Your assignment = Among the entries below, retype exactly the lines starting with the one with "Where to wear" and going on through the one with "A great, early", but not the pictures.

Dataset records =
BEGIN

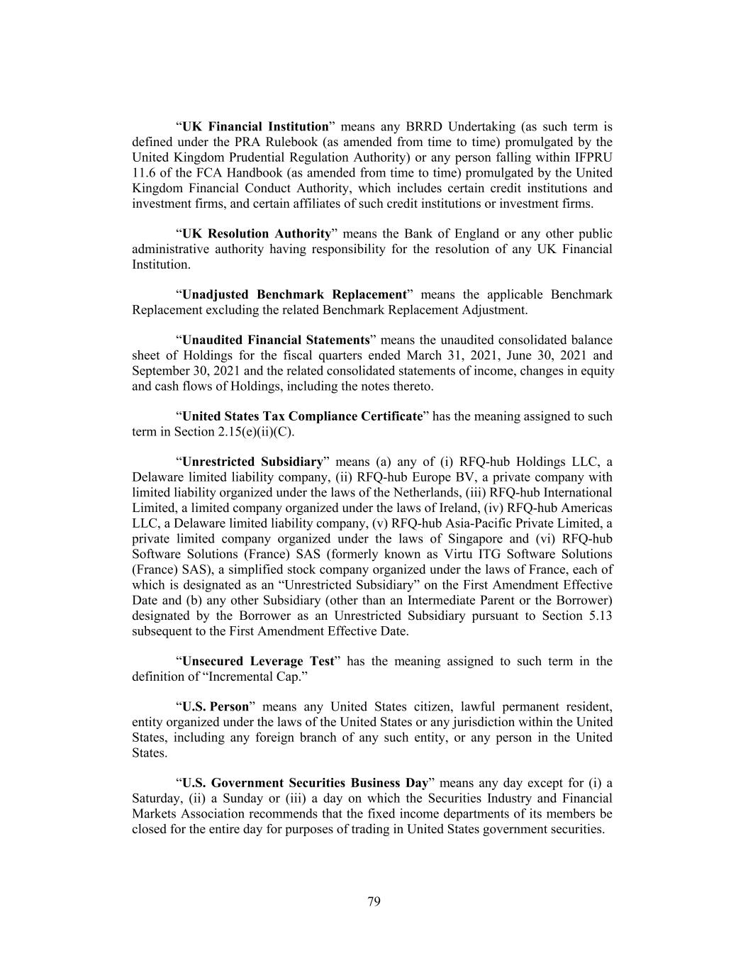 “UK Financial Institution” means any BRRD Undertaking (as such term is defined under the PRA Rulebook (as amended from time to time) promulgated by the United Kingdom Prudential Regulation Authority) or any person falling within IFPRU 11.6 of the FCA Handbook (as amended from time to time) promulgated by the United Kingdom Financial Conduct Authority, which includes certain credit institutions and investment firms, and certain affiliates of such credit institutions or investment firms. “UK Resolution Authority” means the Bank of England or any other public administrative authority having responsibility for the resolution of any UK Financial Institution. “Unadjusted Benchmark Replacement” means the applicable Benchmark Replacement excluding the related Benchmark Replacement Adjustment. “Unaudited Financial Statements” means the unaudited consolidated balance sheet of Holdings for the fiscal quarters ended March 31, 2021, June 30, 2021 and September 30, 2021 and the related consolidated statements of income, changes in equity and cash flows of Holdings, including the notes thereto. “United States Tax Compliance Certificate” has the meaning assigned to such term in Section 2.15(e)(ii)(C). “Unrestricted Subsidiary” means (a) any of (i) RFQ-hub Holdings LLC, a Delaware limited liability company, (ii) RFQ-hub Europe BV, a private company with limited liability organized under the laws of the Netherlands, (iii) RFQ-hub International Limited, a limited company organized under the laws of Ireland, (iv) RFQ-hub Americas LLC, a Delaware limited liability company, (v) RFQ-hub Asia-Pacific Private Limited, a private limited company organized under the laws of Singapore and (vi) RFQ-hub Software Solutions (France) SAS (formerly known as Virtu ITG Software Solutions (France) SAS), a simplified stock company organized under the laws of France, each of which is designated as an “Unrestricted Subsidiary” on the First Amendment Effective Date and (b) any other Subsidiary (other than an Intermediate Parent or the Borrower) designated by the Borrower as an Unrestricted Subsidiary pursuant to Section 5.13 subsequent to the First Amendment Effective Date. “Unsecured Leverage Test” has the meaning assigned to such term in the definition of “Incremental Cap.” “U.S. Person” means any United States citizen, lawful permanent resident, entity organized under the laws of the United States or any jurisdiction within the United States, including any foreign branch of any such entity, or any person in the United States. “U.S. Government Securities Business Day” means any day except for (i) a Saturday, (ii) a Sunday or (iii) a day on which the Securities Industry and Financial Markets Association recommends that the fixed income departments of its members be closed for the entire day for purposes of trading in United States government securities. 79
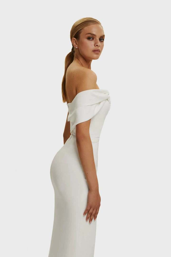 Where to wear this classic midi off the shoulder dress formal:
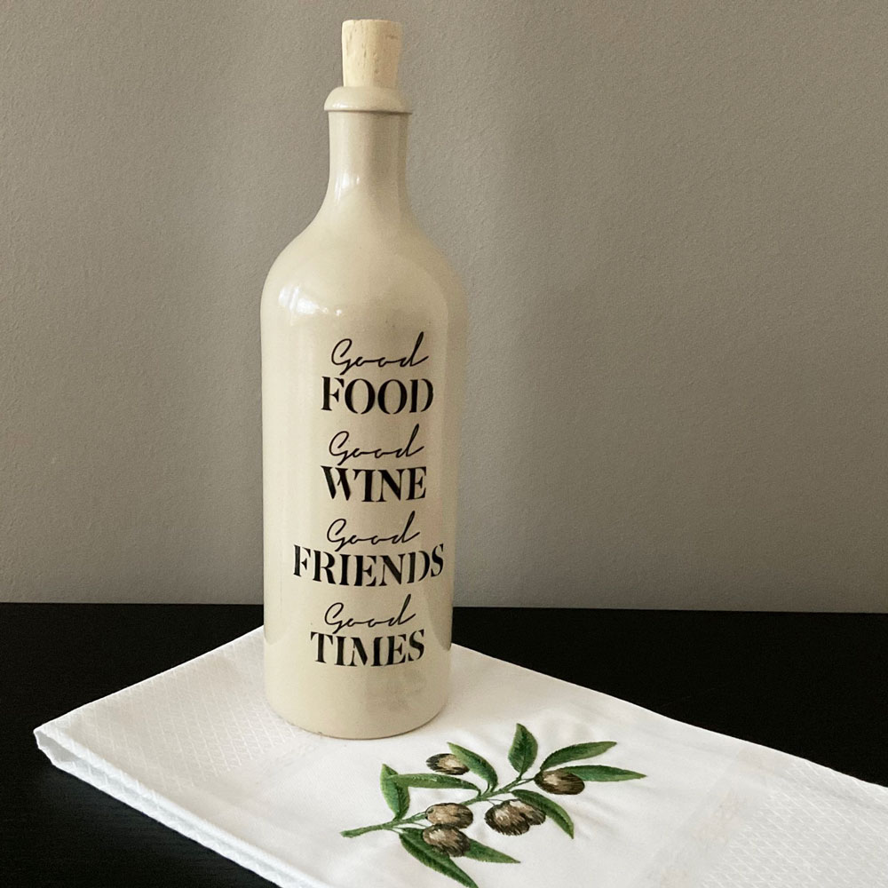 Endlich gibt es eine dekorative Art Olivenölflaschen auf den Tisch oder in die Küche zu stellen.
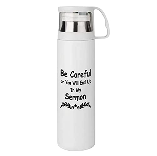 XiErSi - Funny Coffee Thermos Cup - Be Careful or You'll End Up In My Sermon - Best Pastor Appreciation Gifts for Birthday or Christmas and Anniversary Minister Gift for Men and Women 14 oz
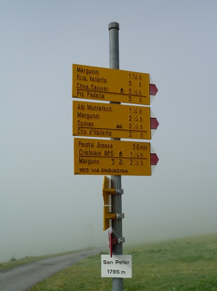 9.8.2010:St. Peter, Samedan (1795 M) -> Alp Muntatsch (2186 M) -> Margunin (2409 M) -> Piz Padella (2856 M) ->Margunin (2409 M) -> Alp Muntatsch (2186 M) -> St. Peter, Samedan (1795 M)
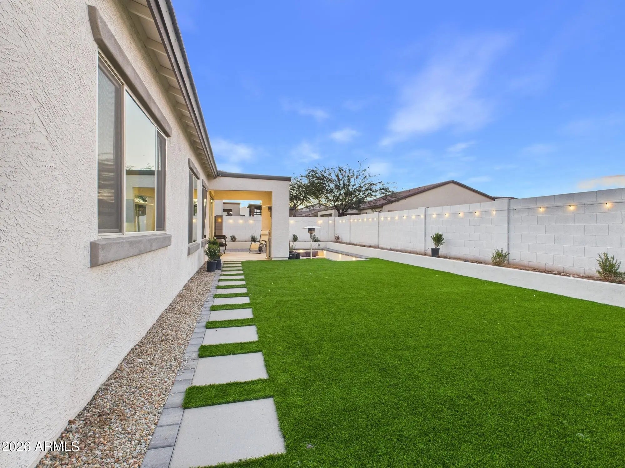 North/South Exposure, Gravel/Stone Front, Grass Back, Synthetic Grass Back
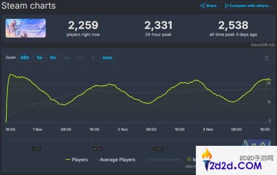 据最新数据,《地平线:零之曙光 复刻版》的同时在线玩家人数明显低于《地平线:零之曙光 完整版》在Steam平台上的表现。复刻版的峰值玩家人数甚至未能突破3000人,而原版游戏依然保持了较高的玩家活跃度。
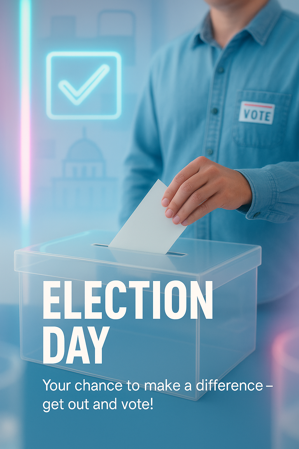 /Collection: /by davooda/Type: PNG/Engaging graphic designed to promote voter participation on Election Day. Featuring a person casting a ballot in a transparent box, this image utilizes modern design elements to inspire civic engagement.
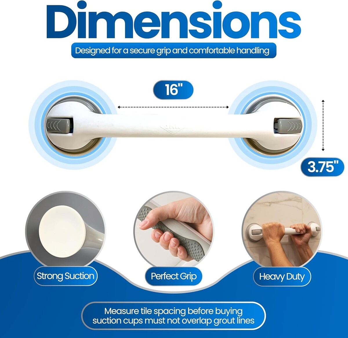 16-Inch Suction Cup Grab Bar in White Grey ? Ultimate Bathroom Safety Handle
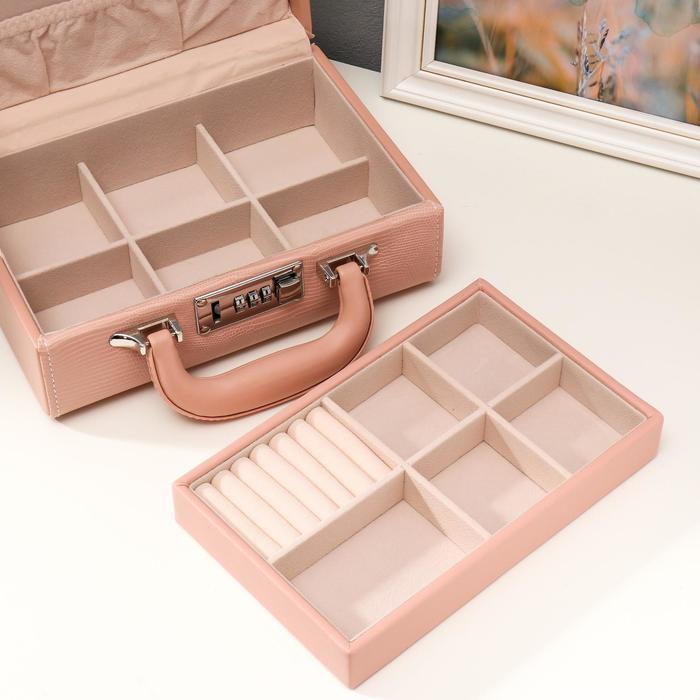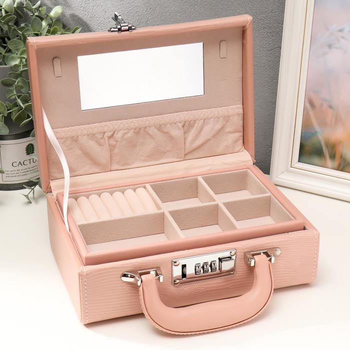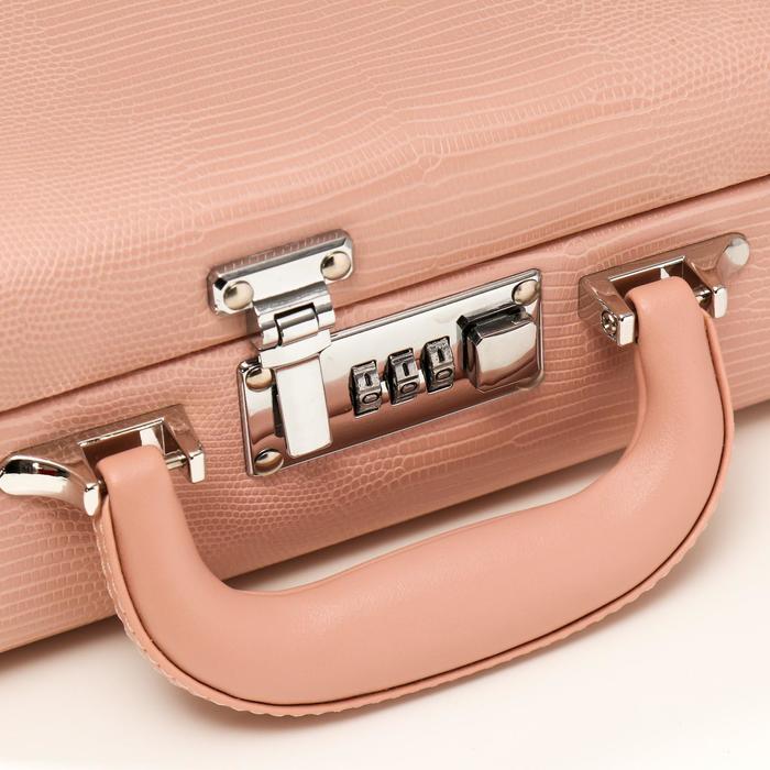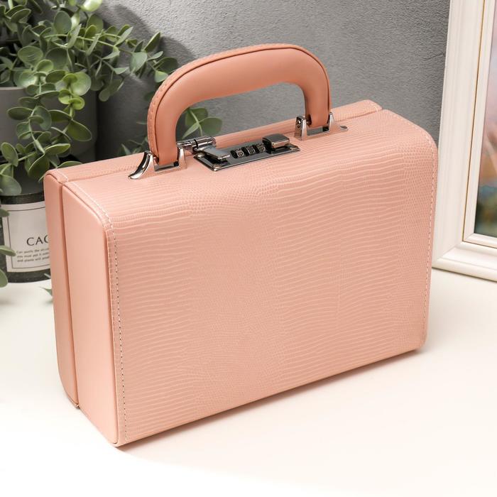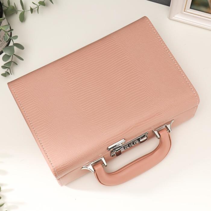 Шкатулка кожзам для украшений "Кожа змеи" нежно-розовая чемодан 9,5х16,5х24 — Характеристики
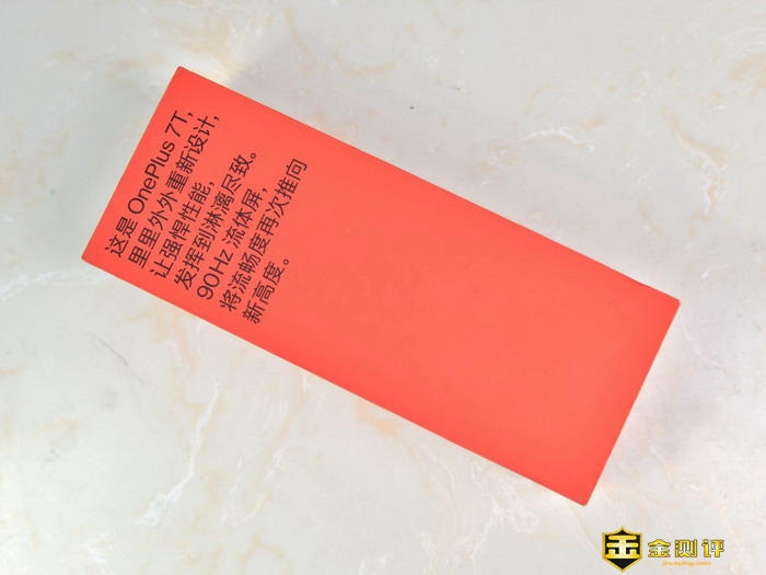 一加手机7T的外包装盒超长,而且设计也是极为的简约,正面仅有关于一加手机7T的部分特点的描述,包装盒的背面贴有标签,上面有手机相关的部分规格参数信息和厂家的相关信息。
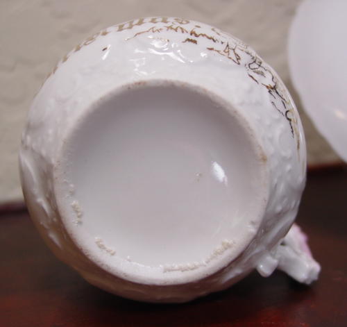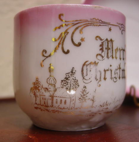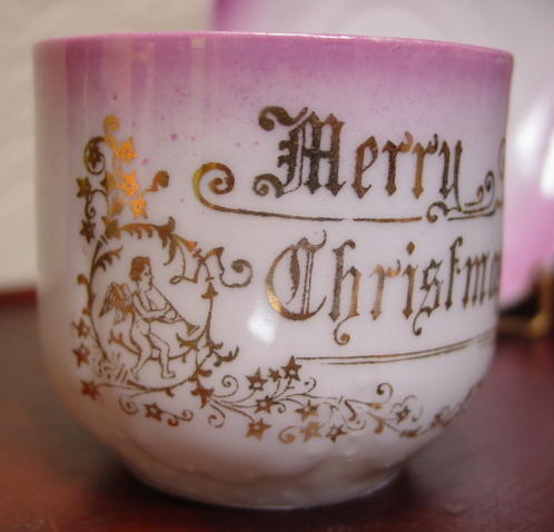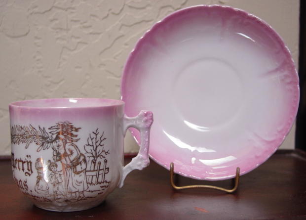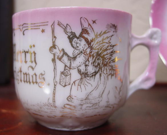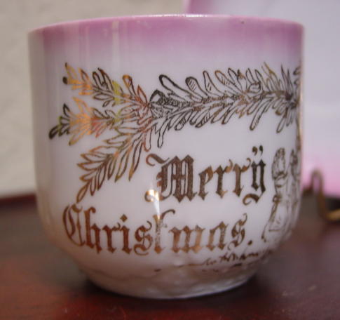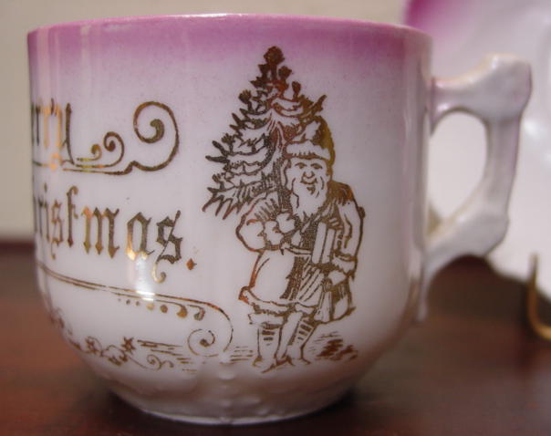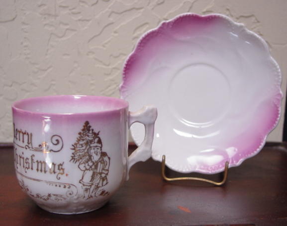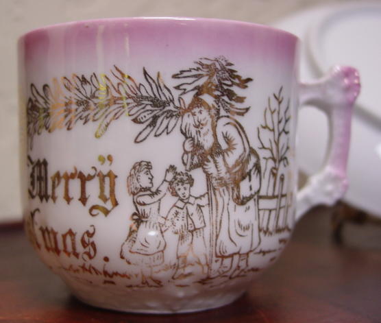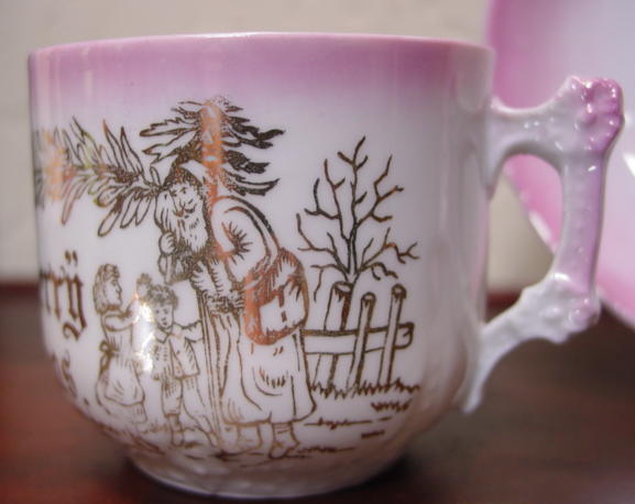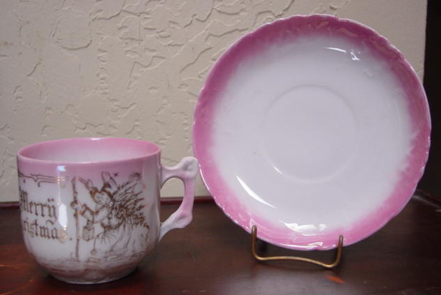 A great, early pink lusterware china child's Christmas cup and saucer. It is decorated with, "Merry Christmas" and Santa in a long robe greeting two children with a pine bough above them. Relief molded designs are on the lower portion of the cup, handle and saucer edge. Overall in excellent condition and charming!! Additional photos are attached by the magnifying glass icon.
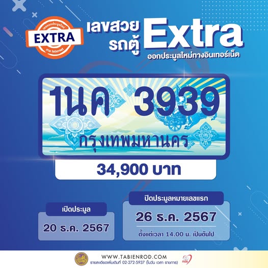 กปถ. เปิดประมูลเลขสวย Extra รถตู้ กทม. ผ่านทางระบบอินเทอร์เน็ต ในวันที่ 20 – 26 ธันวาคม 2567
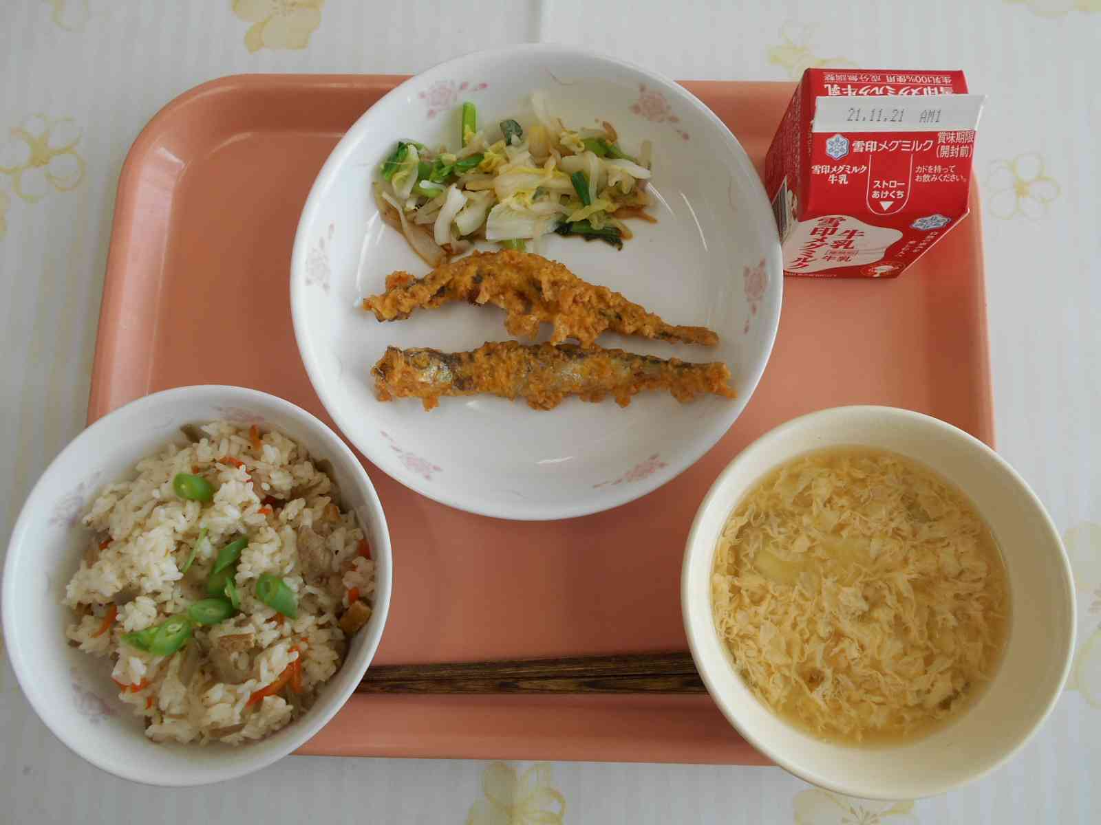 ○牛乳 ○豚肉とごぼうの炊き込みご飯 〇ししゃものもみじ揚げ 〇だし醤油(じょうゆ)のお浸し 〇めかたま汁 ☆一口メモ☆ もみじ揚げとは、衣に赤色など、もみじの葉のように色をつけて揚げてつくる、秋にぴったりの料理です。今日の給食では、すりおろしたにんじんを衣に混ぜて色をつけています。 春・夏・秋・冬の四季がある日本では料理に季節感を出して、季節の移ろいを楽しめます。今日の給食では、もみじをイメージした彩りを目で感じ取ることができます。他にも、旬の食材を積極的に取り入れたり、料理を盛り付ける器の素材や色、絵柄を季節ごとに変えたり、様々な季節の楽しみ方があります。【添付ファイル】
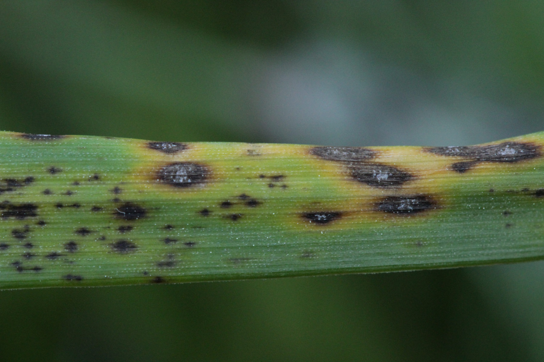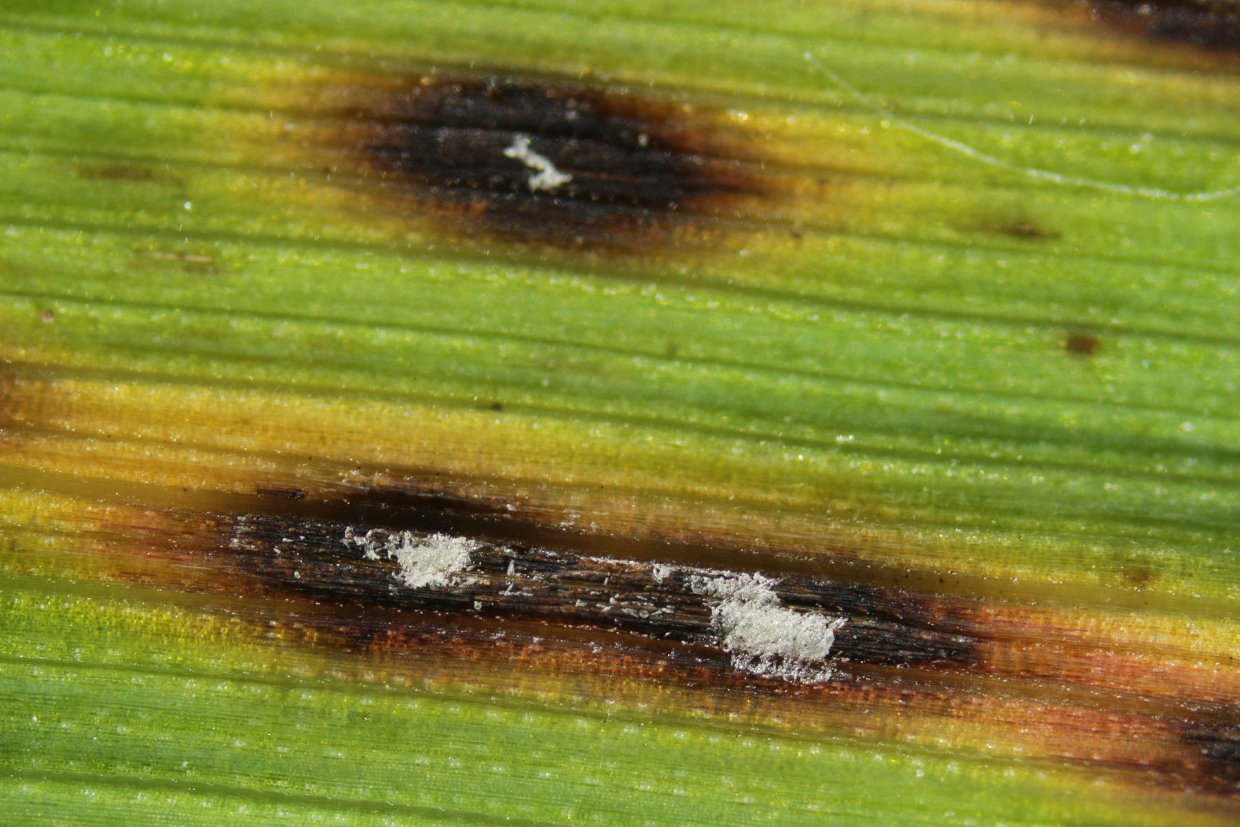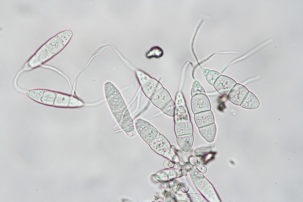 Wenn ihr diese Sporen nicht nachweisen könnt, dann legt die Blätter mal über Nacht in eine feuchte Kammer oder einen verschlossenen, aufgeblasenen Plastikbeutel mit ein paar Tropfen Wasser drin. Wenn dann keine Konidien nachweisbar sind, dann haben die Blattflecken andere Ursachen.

END

Solution =
 Where to wear this classic midi off the shoulder dress formal:
 Endlich gibt es eine dekorative Art Olivenölflaschen auf den Tisch oder in die Küche zu stellen.
 XiErSi - Funny Coffee Thermos Cup - Be Careful or You'll End Up In My Sermon - Best Pastor Appreciation Gifts for Birthday or Christmas and Anniversary Minister Gift for Men and Women 14 oz
 9.8.2010:St. Peter, Samedan (1795 M) -> Alp Muntatsch (2186 M) -> Margunin (2409 M) -> Piz Padella (2856 M) ->Margunin (2409 M) -> Alp Muntatsch (2186 M) -> St. Peter, Samedan (1795 M)
 North/South Exposure, Gravel/Stone Front, Grass Back, Synthetic Grass Back
 据最新数据,《地平线:零之曙光 复刻版》的同时在线玩家人数明显低于《地平线:零之曙光 完整版》在Steam平台上的表现。复刻版的峰值玩家人数甚至未能突破3000人,而原版游戏依然保持了较高的玩家活跃度。
 /Collection: /by davooda/Type: PNG/Engaging graphic designed to promote voter participation on Election Day. Featuring a person casting a ballot in a transparent box, this image utilizes modern design elements to inspire civic engagement.
 16-Inch Suction Cup Grab Bar in White Grey ? Ultimate Bathroom Safety Handle
 Шкатулка кожзам для украшений "Кожа змеи" нежно-розовая чемодан 9,5х16,5х24 — Характеристики
 一加手机7T的外包装盒超长,而且设计也是极为的简约,正面仅有关于一加手机7T的部分特点的描述,包装盒的背面贴有标签,上面有手机相关的部分规格参数信息和厂家的相关信息。
 A great, early pink lusterware china child's Christmas cup and saucer. It is decorated with, "Merry Christmas" and Santa in a long robe greeting two children with a pine bough above them. Relief molded designs are on the lower portion of the cup, handle and saucer edge. Overall in excellent condition and charming!! Additional photos are attached by the magnifying glass icon.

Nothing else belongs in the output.